Ich glaube, das ist gerade das, was sich alle Künstler wünschen. Eine Form von Vertrauen. Wenn sich die Arbeit bewährt hat, auf Kontinuität setzt – ein Wort, was sich sonst in der Kulturpolitik nicht so abzeichnet, wenn’s um die Finanzen geht. Und ich glaube auch, dass der Ringlokschuppen und wir in gewisser Weise zusammen gewachsen sind.

Was erwartet uns von dem neuen Stück Interesting Times?

Es diesmal wieder mehr eine ästhetische Recherche, denn als ein Stück. Wir haben viel Wert darauf gelegt, eine Methode zu entwickeln, wie diese Gruppe auf der Bühne Geschichten empathisch erzählen kann. Das große Thema ist Unruhe. Es hat etwas mit Zukunft zu tun, dass wir gucken, wie persönliche Geschichten und die politische Gemengelage nicht mehr zu unterscheiden sind. Wo setzt die Unruhe ein, wo setzt die Depression ein? Warum sind wir diese Generation der Ruhelosen?

Es wird eine Performance mit viel Tanz und Bewegung?

Ja, und mit viel Musik. Es sind wieder Kollegen aus Kamerun dabei, ein Tänzer, der sein eigenes Festival in Kamerun für zeitgenössischen Tanz hat. Wir haben auch den Schlagzeuger von der Produktion „Fin de Machine“ dabei, der in Paris wohnt. Es wieder ein schön gemischtes Ensemble entstanden. Wir haben dieses Mal eine Band gegründet, elektronische Musik, Posaune und Schlagzeug. Man kann schon sagen, dass die Musik experimentell ist, das Ganze geht aber in die Groove-Richtung.

Am 30. Januar übernimmt Kainkollektiv mit anderen Gruppen die Leitung vom Theater Aufbau Kreuzberg (tak) in Berlin. Es gibt eine weitere Verbindung zu Mülheim: Den Verlag und das Aufbau-Haus hat das Mülheimer Ehepaar Koch, Schwiegereltern von Moritz Pankok (Großneffe von Otto Pankok) vor Jahren übernommen.

Ja. Das Theater wagt ein Experiment, was eine kollektiv kollegiale Leitung kann. Wir entwickeln zusammen mit verschiedenen Experten ein neues Leitungsmodell, wo es darum geht, Entscheidungskompetenzen zu schaffen, die auf Personen verteilt sind.

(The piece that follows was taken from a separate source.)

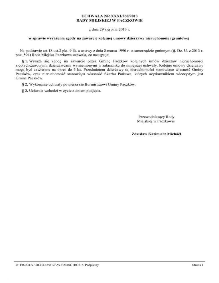 UCHWAŁA NR XXXI/268/2013 RADY MIEJSKIEJ W PACZKOWIE z dnia 29 sierpnia 2013 r. w sprawie wyrażenia zgody na zawarcie kolejnej umowy dzierżawy nieruchomości gruntowej Na podstawie art.18 ust.2 pkt. 9 lit. a ustawy z dnia 8 marca 1990 r. o samorządzie gminnym (tj. Dz. U. z 2013 r. poz. 594) Rada Miejska Paczkowa uchwala, co następuje: § 1. Wyraża się zgodę na zawarcie przez Gminę Paczków kolejnych umów dzierżaw nieruchomości z dotychczasowymi dzierżawcami wymienionymi w załączniku do niniejszej uchwały. Kolejne umowy dzierżawy mogą być zawierane na okres do 3 lat. Przedmiotem dzierżawy są nieruchomości stanowiące własność Gminy Paczków, oraz nieruchomość stanowiąca własność Skarbu Państwa, których użytkownikiem wieczystym jest Gmina Paczków. § 2. Wykonanie uchwały powierza się Burmistrzowi Gminy Paczków. § 3. Uchwała wchodzi w życie z dniem podjęcia. Przewodniczący Rady Miejskiej w Paczkowie Zdzisław Kazimierz Michael Id: E0283FA7-DCF4-4351-9FA9-E2440C1BC518. Podpisany Strona 1 Załącznik Nr 1 do Uchwały Nr XXXI/268/2013 Rady Miejskiej w Paczkowie z dnia 29 sierpnia 2013 r. Lp. 1 2 3 4 5 6 7 8 9 10 11 12 Nr ew. działki Cz. dz. 1109 Cz. dz. 143/1 Cz. dz. 1262/21 Cz. dz. 434/1 Cz. dz. 591/4 Cz. dz. 434/1 Cz. dz. 609/6 Cz. dz. 549/2 Cz. dz. 683/6 Cz. dz. 526/1 Cz. dz. 94 Cz. dz. 1262/21 Adres dzierżawy Paczków, ul. Zawadzkiego Wilamowa 2a Paczków, ul. Jagiellońska Paczków, ul. Kościuszki Paczków, ul. Bartosza Paczków, ul. Kościuszki Paczków, ul. Robotnicza Dziewiętlice Paczków, ul. Daszyńskiego Paczków, ul. Robotnicza Paczków, ul. Mostowa Paczków, ul. Jagiellońska Id: E0283FA7-DCF4-4351-9FA9-E2440C1BC518. Podpisany Powierzchnia nieruchomości 2,9242 ha 0,2737 ha 400 m² 1/20 część gruntu (67,30 m²) 162 m² 1/20 część gruntu (67,30 m²) 12,5 m² 0,35 ha 108 m² 5 m² 5 m² 5 m² Przeznaczenie nieruchomości Cmentarz komunalny Cmentarz komunalny Komis samochodowy Grunt pod zabudowę garażową Ogródek warzywny Grunt pod zabudowę garażową Grunt pod garaż Cele rolne Ogródek warzywny Tablica reklamowa o pow. 3,45 m² Tablica reklamowa o pow. 3,45 m² Tablica reklamowa o pow. 3,45 m² Obręb 0001 0012 0001 0001 0001 0001 0001 0002 0001 0001 0001 0001 Strona 1 Przewodniczący Rady Miejskiej w Paczkowie Zdzisław Kazimierz Michael Id: E0283FA7-DCF4-4351-9FA9-E2440C1BC518. Podpisany Strona 2 Uzasadnienie: Zgodnie z art. 18 ustawy o samorządzie gminnym, do wyłącznej właściwości Rady Miejskiej należy podejmowanie uchwał w sprawach majątkowych gminy, przekraczających zakres zwykłego zarządu, dotyczących zasad: nabywania, zbywania i obciążania nieruchomości oraz ich wydzierżawiania lub wynajmowania na czas oznaczony dłuższy niż 3 lata lub na czas nieoznaczony. Uchwała Rady Miejskiej jest wymagana również w przypadku, gdy po upływie zawartej na czas oznaczony do 3 lat strony zamierzają zawrzeć kolejne umowy, których przedmiotem jest ta sama nieruchomość. W tej sytuacji Burmistrz może zawrzeć kolejną umowę wyłącznie za zgodą Rady Miejskiej. Niniejsza uchwała dotyczy wyrażenia zgody na zawarcie kolejnej umowy z dotychczasowymi dzierżawcami następujących działek: • Nieruchomość oznaczona jako działka o numerze Ew. 1109 (Bi) położona w Paczkowie przy ul. Zawadzkiego oraz nieruchomość oznaczona jako działka o numerze Ew. 143/1 (Bi) położona w Wilamowej 2a, na których usytuowane są cmentarze komunalne stanowiące własność Gminy Paczków, były dzierżawione na czas oznaczony do trzech lat. Dotychczasowy Dzierżawca wystąpił z wnioskiem do Burmistrza Gminy Paczków o zawarcie kolejnej umowy dzierżawy przedmiotowych nieruchomości. Dzierżawca należycie wykonuje obowiązki wynikające z umowy dzierżawy. • Nieruchomość oznaczona jako działka o numerze Ew. 1262/21 (RIIIb) położona w Paczkowie przy ul. Jagiellońskiej stanowiąca własność Gminy Paczków, była dzierżawiona na czas oznaczony do trzech lat z przeznaczeniem na komis samochodowy. Dotychczasowy Dzierżawca wystąpił z wnioskiem do Burmistrza Gminy Paczków o zawarcie kolejnej umowy dzierżawy przedmiotowej nieruchomości. • Nieruchomość oznaczona jako działka o numerze Ew. 434/1 (B) położona w Paczkowie przy ul. Kościuszki, stanowiąca własność Skarbu Państwa, której użytkownikiem wieczystym jest Gmina Paczków była dzierżawiona na czas oznaczony do trzech lat z przeznaczeniem na grunt pod zabudowę garażową. Dotychczasowi Dzierżawcy wystąpili z wnioskiem do Burmistrza Gminy Paczków o zawarcie kolejnej umowy dzierżawy przedmiotowej nieruchomości. • Nieruchomość oznaczona jako działka o numerze Ew. 591/4 (Bp) położona w Paczkowie przy ul. Bartosza stanowiąca własność Gminy Paczków, była dzierżawiona na czas oznaczony do trzech lat z przeznaczeniem na ogródek warzywny. Dotychczasowy Dzierżawca wystąpił z wnioskiem do Burmistrza Gminy Paczków o zawarcie kolejnej umowy dzierżawy przedmiotowej nieruchomości. • Nieruchomość oznaczona jako działka o numerze Ew. 609/6 (Bi) położona w Paczkowie przy ul. Robotniczej stanowiąca własność Gminy Paczków, była dzierżawiona na czas oznaczony do trzech lat z przeznaczeniem na grunt pod garaż. Dotychczasowy Dzierżawca wystąpił z wnioskiem do Burmistrza Gminy Paczków o zawarcie kolejnej umowy dzierżawy przedmiotowej nieruchomości. • Nieruchomość oznaczona jako działka o numerze Ew. 549/2 (RIVa, PsIV) położona w Dziewiętlicach stanowiąca własność Gminy Paczków, była dzierżawiona na czas oznaczony do trzech lat z przeznaczeniem na cele rolne. Dotychczasowy Dzierżawca wystąpił z wnioskiem do Burmistrza Gminy Paczków o zawarcie kolejnej umowy dzierżawy przedmiotowej nieruchomości. • Nieruchomość oznaczona jako działka o numerze Ew. 683/6 (B) położona w Paczkowie przy ul. Daszyńskiego stanowiąca własność Gminy Paczków, była dzierżawiona na czas oznaczony do trzech lat z prz
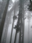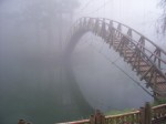 We venture across a traditional bamboo bridge that guides us into this enchanted forest. This takes me back to my days visiting the UC Santa Cruz campus. Of course this is significantly prettier with heavy fog, mist and more diverse plant growth. Around the corner chocolate brown “Pallas” squirrels are scurrying up and down the trees as people drop crumbs of food.

Ich glaube, das ist gerade sehr interessant für die Kulturszene, was da passiert.

Haben Sie dann überhaupt noch genügend Zeit für die Projekte im Ruhrgebiet?

Ja, wir bleiben hier, denn das ist unsere Basis. Es ist genau das Gegenteil. Wir werden nie nach Berlin gehen. Unser Ziel ist ein anderes: Wir wollen in Berlin ein Schaufenster nach NRW schaffen und diese Achse größer machen. Wir wollen sagen: Das, was in Nordrhein-Westfalen passiert, ist auch relevant für Berlin. Und nicht immer umgekehrt. Uns geht es darum, NRW stärker zu machen.

Premiere „Interesting Times“

Die Performance „Interesting Times“ hat am Freitag und Samstag, 26. und 27. Januar, jeweils 20 Uhr, Premiere im Ringlokschuppen. Eintritt: Vvk 12 Euro/ erm. 6 Euro, Ak 15 Euro/erm. 8 Euro, 99 31 60, www.ringlokschuppen.ruhr

Die musikalische Theaterperformance beschäftigt sich mit dem Thema Unruhe, die der Menschheit bevorsteht. Dabei schlägt Kainkollektiv mit der Inszenierung vor, sich auf den Kampf in und gegen die interessanten Zeiten vorzubereiten.